■ Try it ■
Transcribe the listing that follows in full, omitting pictures.

■ Data segment ■
:::::

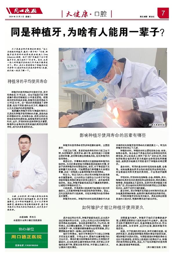 不少患者在种牙前都会犯嘀咕:“这么多钱做的种植牙,能用一辈子吗?”目前,种植牙使用寿命的世界纪录由瑞典人Sven Johansson保持,他于1967年接受了全口种植牙手术,现已使用了50多年。然而,也有一些人的种植牙在短短几年内就不能再使用了。那么,是什么因素影响了种植牙的使用寿命?又该如何延长其使用寿命呢?本期,我们就一起来了解一下。
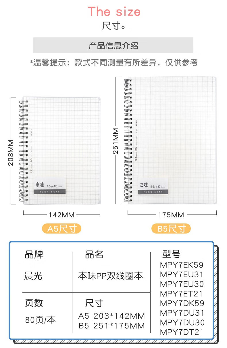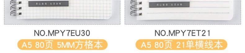 不同型号对应不同内页格式,请根据实际需求选择合适的款式(如MPY7EU31为12行英语本,MPY7EU30为5mm方格本)。
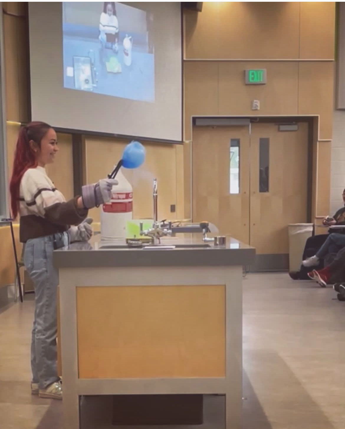I had another TA film my demo that day, mainly to get an idea of my teaching performance through a third-person point of view. I wanted to show my mom what liquid nitrogen was and how it behaved, but, as she never had the opportunity to study chemistry, I knew she didn’t have the background knowledge to understand what my demo was about. So instead, I sent her a clip of myself dumping the liquid nitrogen on the floor after my demo was finished.
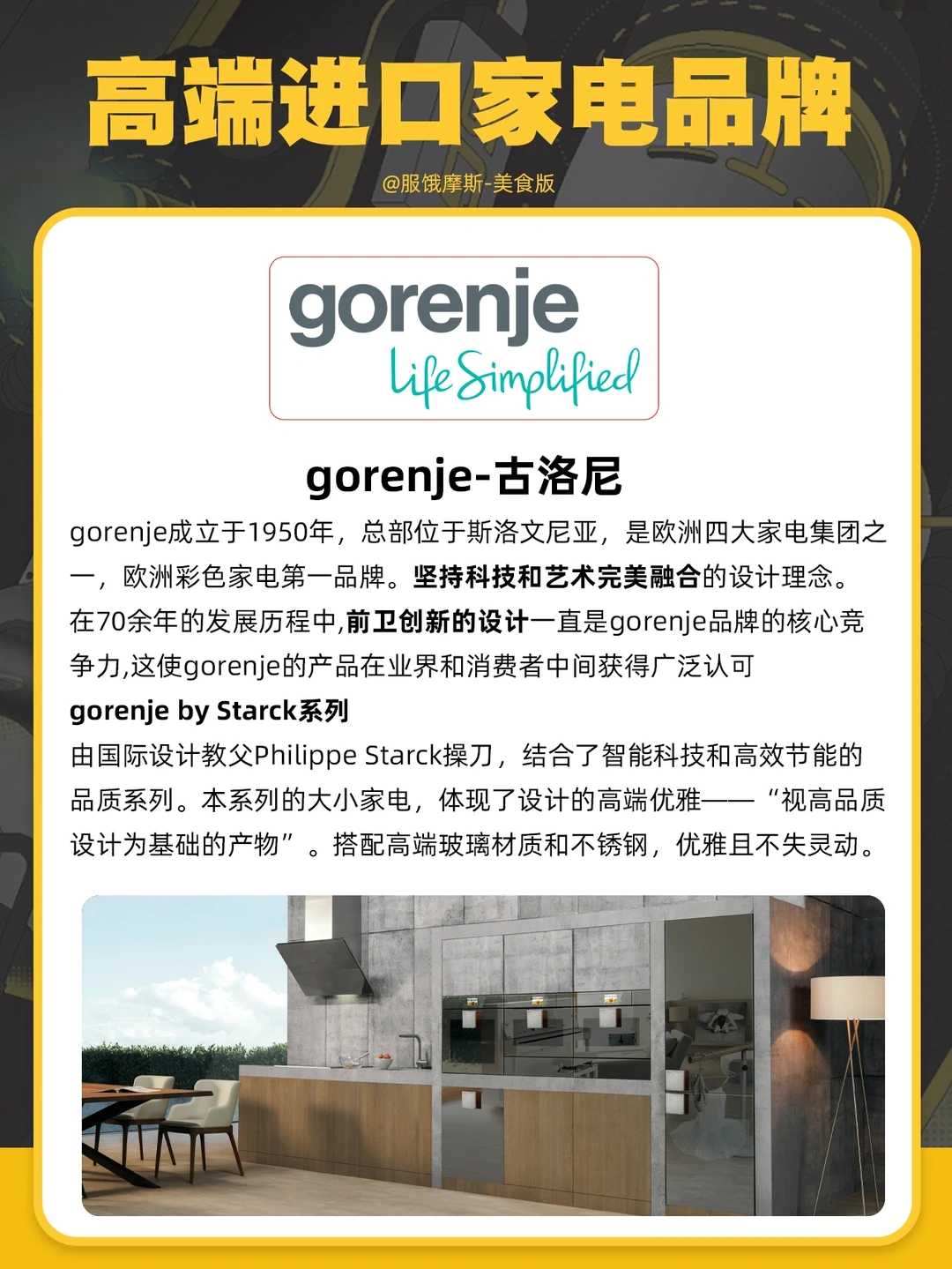 gorenje成立于1950年,总部位于斯洛文尼亚,是欧洲四大家电集团之一,欧洲彩色家电第一品牌。坚持科技和艺术完美融合的设计理念。真正符合现代人审美的高端家电。

:::::

■ Solved problem ■
 不少患者在种牙前都会犯嘀咕:“这么多钱做的种植牙,能用一辈子吗?”目前,种植牙使用寿命的世界纪录由瑞典人Sven Johansson保持,他于1967年接受了全口种植牙手术,现已使用了50多年。然而,也有一些人的种植牙在短短几年内就不能再使用了。那么,是什么因素影响了种植牙的使用寿命?又该如何延长其使用寿命呢?本期,我们就一起来了解一下。
 不同型号对应不同内页格式,请根据实际需求选择合适的款式(如MPY7EU31为12行英语本,MPY7EU30为5mm方格本)。
I had another TA film my demo that day, mainly to get an idea of my teaching performance through a third-person point of view. I wanted to show my mom what liquid nitrogen was and how it behaved, but, as she never had the opportunity to study chemistry, I knew she didn’t have the background knowledge to understand what my demo was about. So instead, I sent her a clip of myself dumping the liquid nitrogen on the floor after my demo was finished.
 gorenje成立于1950年,总部位于斯洛文尼亚,是欧洲四大家电集团之一,欧洲彩色家电第一品牌。坚持科技和艺术完美融合的设计理念。真正符合现代人审美的高端家电。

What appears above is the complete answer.